FIG. 1 is a side sectional view sequentially showing a first half process of an embodiment of the present invention.

FIG. 2 is a side sectional view sequentially showing the latter half of the steps in one embodiment.

FIG. 3 shows a nonvolatile semiconductor memory device manufactured by a conventional example of the present invention, in which (a) is a plan view,
(B) is a side sectional view taken along the line bb in (a),
(C) is a side sectional view of a position along the line cc of (a).

[Explanation of symbols]

14 polycrystalline Si film 25 space width 26 SiN film 27 SiO ₂ film 31 photoresist

Claims (2)

[Claims] 1. A step of forming a conductive film, a step of patterning a first film having etching characteristics different from those of the conductive film on the conductive film, and a step of etching characteristics of the conductive film and the first film.
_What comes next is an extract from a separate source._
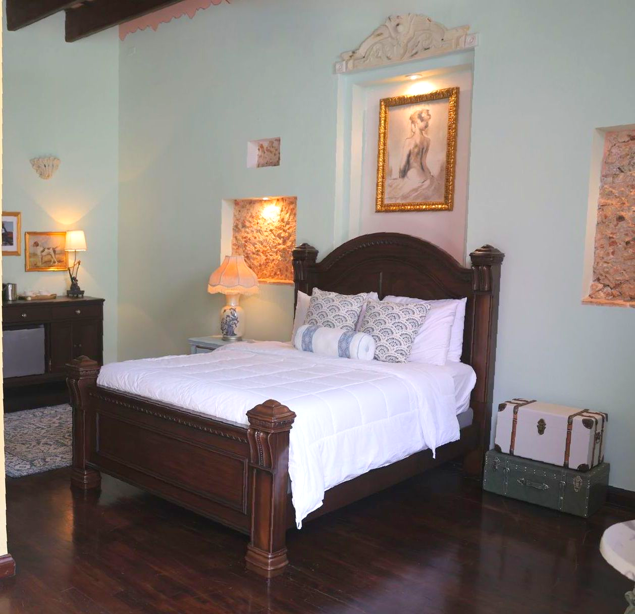 Môme Moineau — this suite is unapologetically grand. Velvet textiles, quiet mirrors, and a softness that
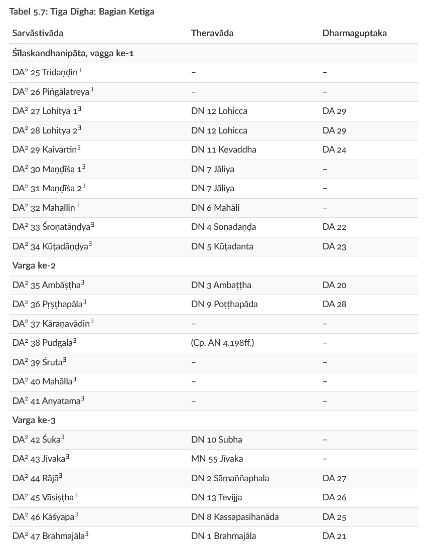 - Tiga Dīgha berbagi banyak khotbah yang sama, tetapi urutan dan organisasi dari khotbah-khotbah itu sangat berbeda.

Forming a second film on the conductive film and the first film having a different thickness, and forming a planarizing film having a different etching characteristic from the second film on the second film, Etching back the planarization film until a part of the second film is exposed; isotropically etching the exposed second film; and after the isotropic etching, the first film And a method of etching the conductive film using the flattening film as a mask. 2. A non-volatile semiconductor memory device comprising a patterned conductive film according to claim 1 as a floating gate.